I’m feeling very motivated at the moment although I dare not attempt the jeans test quite yet. I could probably get into them, I just want to be able to breathe as well as sit in them too. I’m out for dinner almost every night this week so am eating a very light lunch, skipping the snacks and walking everywhere. I’m determined!


There's nothing like a row to shift the pounds!

Posted by  Caroline

I’ve discovered a very effective way of losing weight – arguing with your boyfriend.  I’ve lost nearly three pounds since last week. Some people comfort-eat when they’re upset, but I’m not one of them.

Clutchingdietplan_200 My boyfriend and I had a silly row on Saturday (what is it about romantic weekends away?) that seemed terribly important at the time. Due to high levels of agitation, I completely went off my food. Although we’d made up by the time we had the gourmet meal in the evening, I wasn’t nearly as greedy as I thought I was going to be having salivated over the menu online. 

But I can’t give the row all the credit. I stayed on track all last week and kept to my no sugar experiment and it worked.  I’m now going to see if I can manage another seven days. I’m just about to go online and choose my meals for the week. Luckily, you can add all the meals you like to your list of favourites so it should be quicker this week as I know what meals work for me. The weight loss this week has spurred me on to lose more – I just hope another argument isn’t the cause!


A disappointing week

Posted by Caroline

Can’t believe how good I’ve been this week. I also can’t believe I haven’t lost any more weight.

CarolineAfter the sticky toffee pudding fiasco last weekend , I decided to commit myself to an entire week without sugar. It was surprisingly easy. Perhaps it was due to me sticking to the GI plan which is supposed to control sugar cravings. I'm loving the recipes and look forward to each meal. I had the Warm Chicken Sesame Salad for dinner yesterday which was delicious. The recipes use plenty of fresh ginger and garlic so I also feel like I’m boosting my immune system.

The trampoline hasn’t been as well used as it might have done. I think I need to invest in a sports bra before I do any more bouncing! I don’t feel too discouraged about not losing any more weight as I know it will follow if I stick to the plan. This might be difficult at the weekend – I’m going away for a short romantic break away which includes a gourmet dinner. Will I be able to resist pudding and, my favourite, a full English breakfast?  I’ll be back next week to let you know..


I've lost two pounds!

Posted by Caroline

I’ve been following the Gi plan for a week now and I’m surprised at how easy it’s been – well most of the time anyway. I like knowing what I’m eating every day and I’ve learned some new Gi friendly recipes. I made a really delicious grilled marinated sirloin with garlic roast potatoes when a friend came for dinner one night and she had no idea she was eating a low-fat ‘diet’ meal. 

Scales_jan07_200_1As I used the personalised shopping list for my online grocery shop I had all the food I needed in the fridge at the start of the week which made me feel efficient and organised. This helped put me in the right frame of mind to take control of my weight. 

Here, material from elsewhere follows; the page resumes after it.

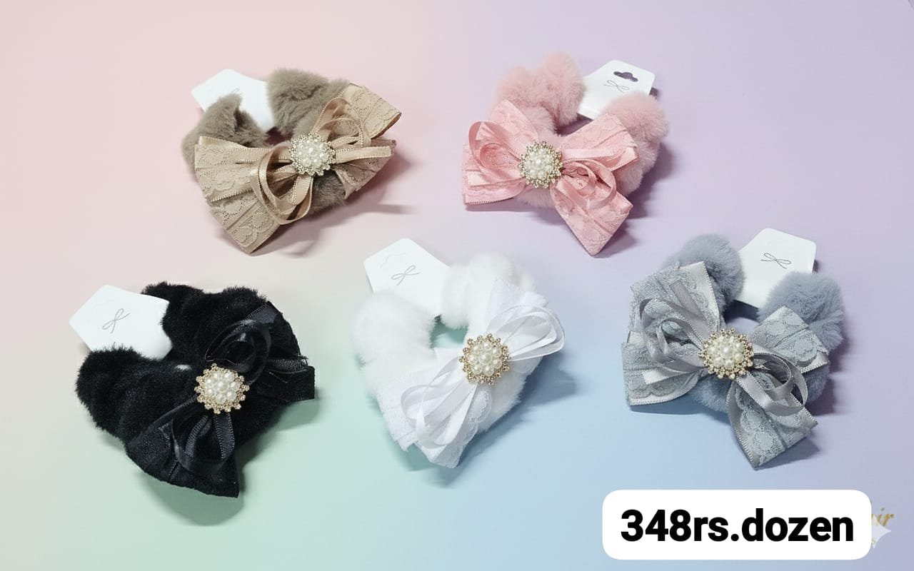 KOREAN FUR SCRUNCHIES WITH BOW AND STONE (PACK OF 12)

I’ve found filling out the diet journal every day with everything I eat as well as what exercise I do quite motivating. I’ve doubled my dog-walking and have finally got round to assembling the trampoline I bought a month ago so shall be jiggling around on that every day to help shift some of the wobble. 

The good news is that I’ve lost two pounds. I’d have liked to have lost more but I’d prefer to lose the weight slowly and steadily and not feel deprived at meal-times. Just the one hiccup this week and that was the bar of Swiss chocolate I begged my boyfriend to retrieve from its hiding place. I regretted it afterwards and am determined to be good this week.


Getting started

Posted by Caroline

I've joined Tesco Diets and decided to throw myself wholeheartedly into their diet programme. I spent an hour on the site choosing my diet and weekly meal plan. I went for GI as I’ve heard it’s supposed to help with sugar cravings – definitely my area of weakness.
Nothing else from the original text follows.